Suppression of renin release by intravascular volume expansion during chronic diuretic treatment
Phillip M. Hall, M.D.
Department of Hypertension and Nephrology
Harriet P. Dustan, M.D.
Robert C. Tarazi, M.D.
Circulating renin is influenced by many factors. In the clinical setting, alterations in body water and sodium balance influence plasma renin activity (PRA) significantly.

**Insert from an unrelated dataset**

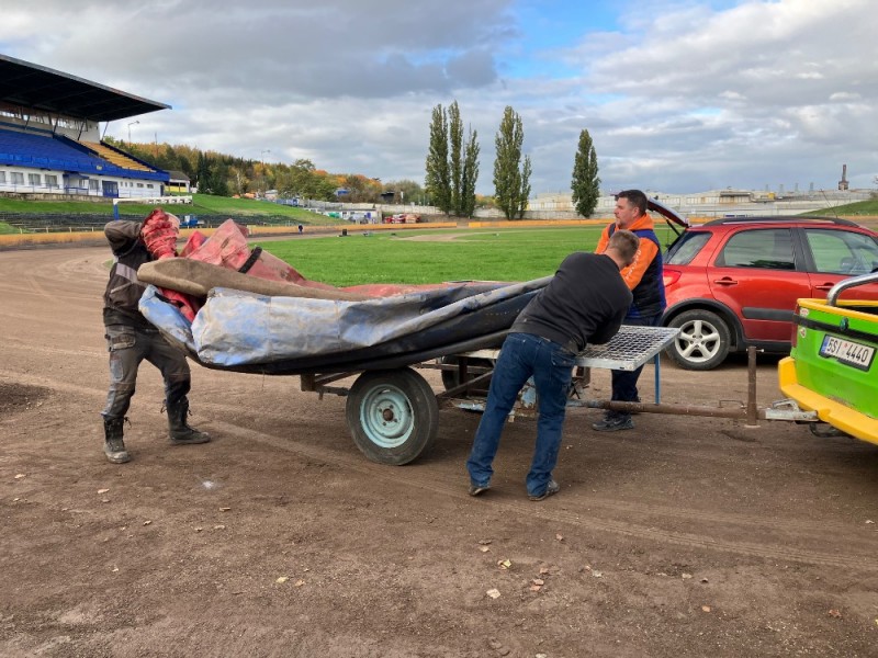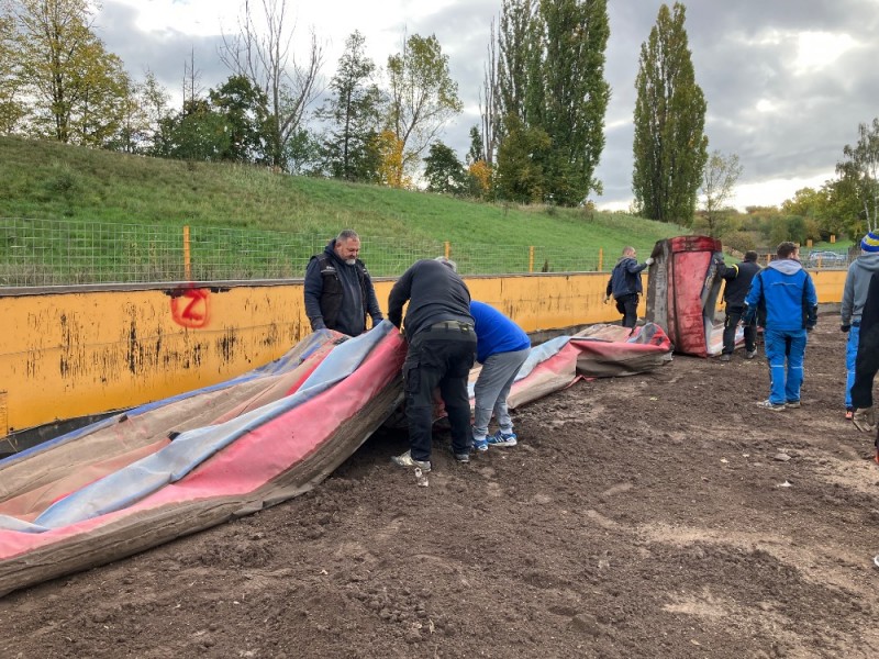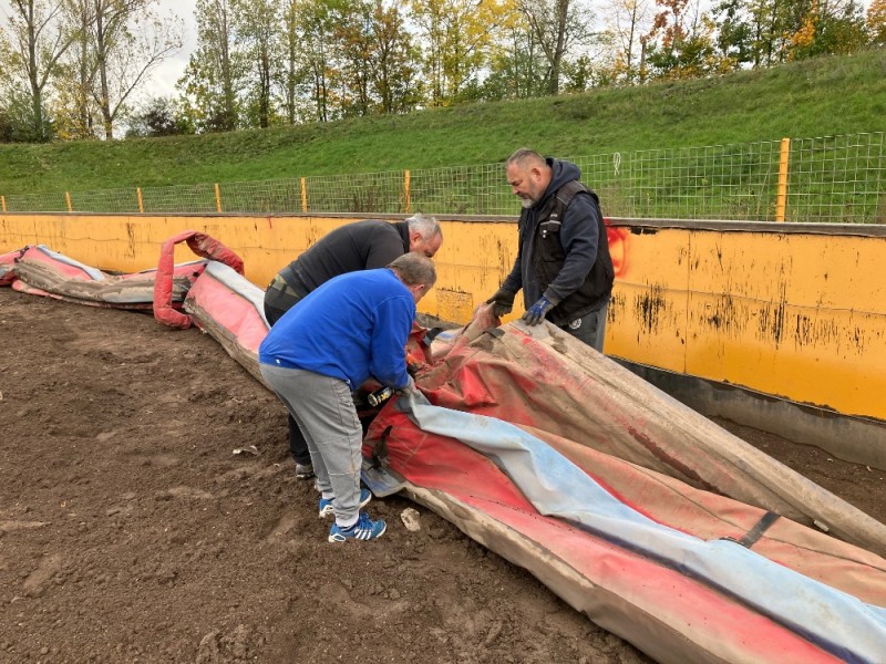 Sobota 18.řijna patřila na plochodrážním stadionu ve Slaném k nezbytné každoroční podzimní pracovní činnosti, kdy dochází k demontáži a následnému zazimování ochranných nafukovacích barier a dalších nezbytných záležitostí, které souvisí ze zimní plochodrážní pauzou, která nás na klasické dráze čeká.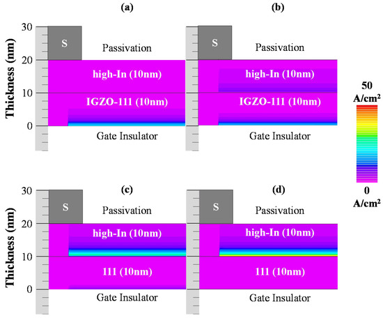 Drain current densities in the hetero-IGZO TFTs with ΔEc of the (a) 0 eV, (b) 0.2 eV, (c) 0.4 eV, and (d) 0.45 eV. The insert is the color coding for the drain current density at VGS = +10 V (VDS = 0.1 V).

Thus, with dietary sodium deprivation,1–3 rapid diuresis with furose-mide,4 and water deprivation5 PRA increases as it does also in association with the modest oligemia that accompanies long-term hydrochlorothiazide or spironolactone treatment of hypertension.6, 7 Conversely, lowered PRA has been observed following high sodium diet,1, 3 overhydration,3 in primary aldosteronism,8, 9 and following rapid intravascular volume expansion.10, 11 In such states of altered intravascular volume and serum sodium concentration there is disagreement as to the factors (volume or sodium) controlling renin release and how they become sensory signals to the juxtaglomerular apparatus.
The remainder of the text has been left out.